[kemayo]

I think you're using a different meaning of "blocking" than Moxie is. I believe they mean "blocking" in the sense of waiting for the user to confirm that the message should be re-sent -- i.e. blocking on the user's input. Whereas you're using "blocking" to mean refusing to re-encrypt the message.

Presumably any message which would be detectable enough as garbage to not be displayed on the reader's phone could be treated as them having this feature enabled, allowing the information-leak Moxie mentioned.

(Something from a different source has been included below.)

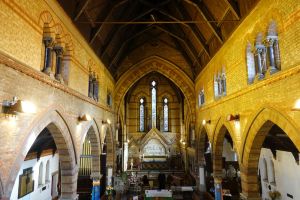 In the midst of Victorian housing north of the town centre. It was designed by A.R. Mullins and built 1867, with some additions in 1880, The western end has been divided off at ground floor level to form a hall with a large balcony area above looking into the nave.

(To be clear, I do think there's a argument to be had over which of these leaks is worse. I just don't think this suggested approach actually addresses Moxie's concern.)

[grogers]

Resending and reencrypting the message mean the same thing here, I don't understand the distinction. Once the user okays the key change it can be resent by encrypting with the new key, before that it would be blocked from being resent.

I know nothing of the signal protocol, but whether the server can tell the message is garbage depends on what the receiver client tells the server. An ideal client would acknowledge receipt to the server but show the user an error (or silently drop the garbage message). From the quote it seems like this is the case, in which case the server can't tell a true message receipt from receipt of garbage and the correlation doesn't work.

[pfg]

> I know nothing of the signal protocol, but whether the server can tell the message is garbage depends on what the receiver client tells the server.

You're forgetting that the server is the one telling the sender what the new key is. If the key is under the control of the attacker/server, they can read the message and determine if it's garbage or not.